La última nota realizada a Alan Moore en The Guardian respecto de su opinión acerca de la industria de superhéroes, despertó la necesidad de escribir una reflexión sobre los dichos del mago de Northampton. Debemos aclarar que la opinión dura y radical del famoso guionista de cómics no nos es ajena. Todo lo contrario, Moore ha sostenido su repudio al consumo de superhéroes por parte del público adulto desde hace décadas, mucho antes del surgimiento de franquicias como el MCU.
Si bien es cierto que en esta oportunidad Moore agrega la temática del fascismo, dudo que esto sea una idea nueva. De hecho, es una postura que la prensa de tanto en tanto sacan a flote a través de un par de llamadas telefónicas a Moore a su teléfono fijo en donde repite su discurso hasta el cansancio. A pesar de ello, la radical postura del ex guionista de comics sigue siendo lo suficientemente jugosa para atraer a los lectores de The Guardian y asimismo ser replicado en distintos portales de internet.
Ahora bien, ¿podemos decir que tiene razón, total o parcialmente? Es cierto que los personajes de superhéroes fueron pensados en un principio para un público infantil y que por mucho tiempo apuntaron a esa franja etaria.
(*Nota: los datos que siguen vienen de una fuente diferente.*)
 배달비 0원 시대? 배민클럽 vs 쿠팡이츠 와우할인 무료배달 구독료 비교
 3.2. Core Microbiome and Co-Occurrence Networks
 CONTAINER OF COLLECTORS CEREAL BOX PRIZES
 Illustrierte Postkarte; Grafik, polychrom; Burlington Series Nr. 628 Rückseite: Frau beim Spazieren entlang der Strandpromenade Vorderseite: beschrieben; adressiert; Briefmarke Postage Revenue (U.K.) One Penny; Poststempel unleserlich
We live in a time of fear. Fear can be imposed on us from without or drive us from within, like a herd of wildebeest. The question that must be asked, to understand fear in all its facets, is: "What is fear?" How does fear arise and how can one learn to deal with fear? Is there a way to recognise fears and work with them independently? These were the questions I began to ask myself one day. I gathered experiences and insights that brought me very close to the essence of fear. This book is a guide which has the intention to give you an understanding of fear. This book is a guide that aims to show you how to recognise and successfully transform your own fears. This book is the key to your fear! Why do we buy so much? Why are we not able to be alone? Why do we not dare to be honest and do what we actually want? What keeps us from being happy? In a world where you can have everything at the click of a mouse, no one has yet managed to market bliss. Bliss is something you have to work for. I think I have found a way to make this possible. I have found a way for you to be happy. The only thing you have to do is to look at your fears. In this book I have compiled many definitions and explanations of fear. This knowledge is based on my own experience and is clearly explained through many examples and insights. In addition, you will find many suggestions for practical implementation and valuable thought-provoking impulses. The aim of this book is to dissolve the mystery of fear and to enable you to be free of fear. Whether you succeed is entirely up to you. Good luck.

También podemos decir que en la década de los ochenta esto cambió, y que figuras como el propio Alan Moore reinventaron el género, en algunos casos renovando los personajes e incorporando otros estilos estéticos, como en el caso de Frank Miller. Alan Moore lo hizo principalmente desde la óptica de la crítica al género superheroico: de aquí surgió Watchmen.
Pero no sólo criticó al género superheroico. También utilizó la historieta para incorporar personajes afines al Anarquismo, como en V de Vendetta, traer al comic personajes literarios como en La Liga Extraordinaria y exponer sus creencias mágicas como en Promethea. Alan Moore intentó desde todas estas perspectivas rescatar la historieta y transformarla en un género mayor, hacerla más cercana a la literatura, darle prestigio. Pero el fantasma de los superhéroes seguía ahí.
Y no sólo eso. Alan Moore conserva un enfrentamiento desde tiempos inmemoriales con la industria, tanto con Marvel Comics como con DC Comics, Elipse e Image; todas ellas por problemas de derechos. Es lógico que habiendo tenido tantos enfrentamientos legales se sienta frustrado y decepcionado por esa industria que le debe tanto a personas como Moore.
El problema de los derechos de los personajes sigue siendo un tema pendiente de debate. ¿Qué pasa con los creadores de personajes, tanto guionistas como dibujantes, los cuales utilizan su trabajo en los universos cinematográficos?. En realidad, salvo muy contadas excepciones, los derechos pertenecen a las editoriales (DC Comics, Marvel Comics, etc.) y no a sus creadores. Un problema parecido se planteó cuando Scarlett Johansson reclamó las ganancias de Black Widow cuando había permanecido tan poco tiempo en los cines y aterrizado prematuramente en Disney+. El tema de los derechos de autor es tan antiguo como el propio comic. El primer reclamo formal fue hecho en sede judicial por los herederos de Jerry Siegel y Joe Shuster por el personaje de Superman y, en este caso, Alan Moore no fue la excepción.
Me resulta imposible pensar una historieta sin la influencia de Moore. Creo que Vertigo (sello editorial perteneciente a DC Comics) fue un lugar en donde grandes autores confluyeron de la mano de Karen Berger, la cual les dio la libertad creativa de generar una nueva forma de hacer comics. Es cierto que la saturación de películas de superhéroes ha originado una forma de hacer cine que contempla más los números de taquilla que las historias que se cuentan. Pero también es cierto que la máscara de Guy Fawkes, dibujada por David Lloyd para V de Vendetta, se popularizó gracias al film de las hermanas Wachowsky convirtiéndolo en un símbolo de resistencia que alienta el corazón del mago.
Vale la pena decir que el hecho de que sea posible una serie como The Sandman en una plataforma tan popular como es Netflix ayuda a que muchas personas que no conocían ese comic, ni ningún otro, se animen a leerlo por primera vez. Aunque el horizonte del género superheroico parezca monótono y gris se vislumbran pequeñas estrellas, como los ojos de Morfeo, en el cielo de la historieta y eso alienta el corazón de todos los amantes del comic.